DE102013201534A1 - Vehicle e.g. lorry, has electric connection conductor connected to traction drive, and sensor elements connected to evaluation unit, which is adapted to finish detection results of sensor elements to current position of contact point - Google Patents

Abstract

The vehicle has sense elements (8) arranged at a defined polling position along a sharpening lath (5) for local detection of a slip in the sharpening lath between a contact point and a connection point for current flow. The contact point of the sharpening lath is in sliding contact to a contact wire (1), and an electric connection conductor is connected to a traction drive at the connection point of the sharpening lath. The sensor elements are connected to an evaluation unit, which is adapted to finish detection results of the sensor elements to a current position of the contact point. The contact wire is designed as a forward conductor and backward conductor. The sense elements are designed as magneto-resistive sensors such as hall sensors. An independent claim is also included for a non-rail-road vehicle.

Description

The invention relates to a vehicle with an electric traction drive and with a current collector for feeding electrical energy from a driving path side arranged overhead line system according to the preamble of claim 1.

Such vehicles are widely used as electrically powered rail vehicles, but they are also known as non-rail road vehicles. The position of the contact point between a contact wire of the overhead contact line system and the contact strip changes continuously during the course of the journey. In rail-bound vehicles, this is due to the fact that the curve shape is approximated via track arcs by straight contact wire segments and the track wire course follows a straight line zigzag to uniform wear of the abrasive strips. In non-rail vehicles lateral driving inaccuracies are caused by steering movements within the lane and possibly lateral positioning movements of a pantograph with laterally traceable abrasive strips. While in rail vehicles usually unipolar overhead lines with a designed as a conductor contact wire and the track rails are as return conductors are for road vehicles two-pole overhead lines with a first, designed as a conductor contact wire and a parallel to this second trained as a return conductor contact wire in use. In any case, a continuous detection of the current position of the grinding contact point on the grinding bar of interest.

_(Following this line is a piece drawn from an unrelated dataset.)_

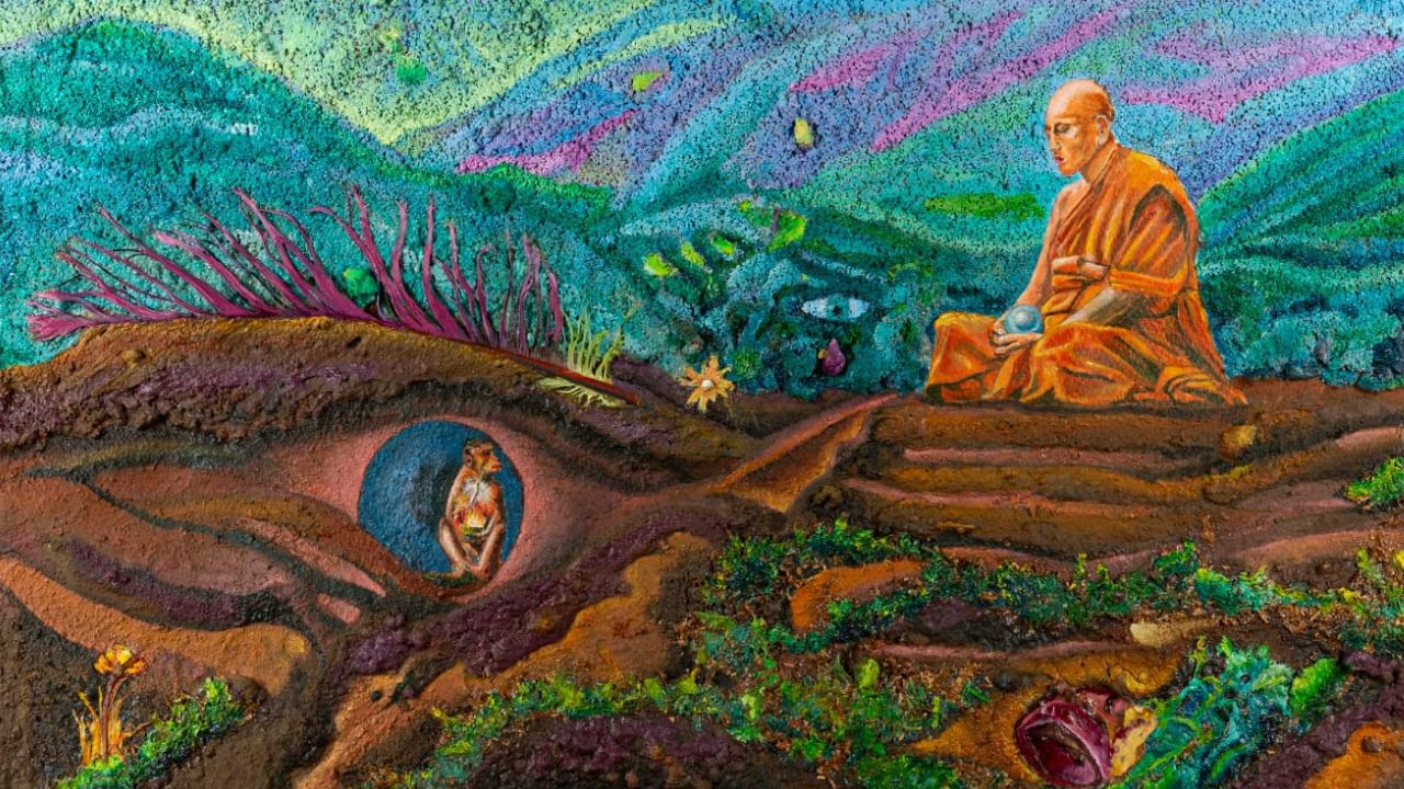 Tras su jubilación y motivado por el efecto de la pandemia, decidió que debía dedicarle más tiempo a las expresiones pictóricas. En la exposición 'A través de la mirada', Joaquín Sanz habla de espiritualidad a lo largo de los años. Y en ese concepto se detiene el artista, en concreto en lo que se refiere a las creencias que se basan en el budismo. "Siempre me ha gustado mucho este tema. El budismo se encuentra dentro de uno mismo. Se trata de un sentir y un modo de vida", relata. La relación que mantiene con la creencia budista la califica de "fluida" y alejada del ego: "Cuando te das cuenta que te has aferrado al ego y lo superas, ves las cosas de otra manera".

So is from the patent DE 196 16 896 C1 a device for continuously detecting the contact wire side position of electric tracks with trolley operation known. The device is located in the area of the contact strips such that there is always a vertical distance between the contact wire and the upper edge of a carrying device equipped with inductive proximity switches. From the totality of the inductive proximity initiators, an information transmission line is led out, which serves to transmit the detected position to a suitable evaluation device. The arrangement of the inductive proximity initiators takes place side by side in such a way that there is a continuous juxtaposition of the active surfaces of the contact strips. This leads to the fact that always at least one inductive proximity sensor recognizes the contact wire located at a small distance above it. The maximum detection width of the inductive proximity switches must at least correspond to the lateral movement range of the contact wire, so that the position of the contact wire on the contact strip is always recognizable.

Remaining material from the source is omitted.